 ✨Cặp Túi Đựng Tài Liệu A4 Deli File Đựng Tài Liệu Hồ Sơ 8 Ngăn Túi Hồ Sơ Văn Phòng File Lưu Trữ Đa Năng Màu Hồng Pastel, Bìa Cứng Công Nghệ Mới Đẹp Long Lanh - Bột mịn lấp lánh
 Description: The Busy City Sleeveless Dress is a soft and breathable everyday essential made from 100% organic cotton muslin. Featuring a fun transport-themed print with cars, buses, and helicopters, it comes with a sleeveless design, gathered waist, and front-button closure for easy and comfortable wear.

--

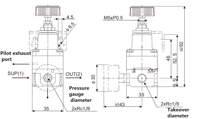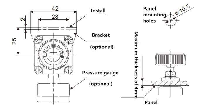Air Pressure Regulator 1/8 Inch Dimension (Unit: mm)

• _WHAT YOU SHOULD DO_
Transcribe the records above exactly, beginning at the line that contains "mịn lấp lánh" and ending with the line that contains "Description: The Busy", both included, and nothing else.

• _OUTPUT_
 ✨Cặp Túi Đựng Tài Liệu A4 Deli File Đựng Tài Liệu Hồ Sơ 8 Ngăn Túi Hồ Sơ Văn Phòng File Lưu Trữ Đa Năng Màu Hồng Pastel, Bìa Cứng Công Nghệ Mới Đẹp Long Lanh - Bột mịn lấp lánh
 Description: The Busy City Sleeveless Dress is a soft and breathable everyday essential made from 100% organic cotton muslin. Featuring a fun transport-themed print with cars, buses, and helicopters, it comes with a sleeveless design, gathered waist, and front-button closure for easy and comfortable wear.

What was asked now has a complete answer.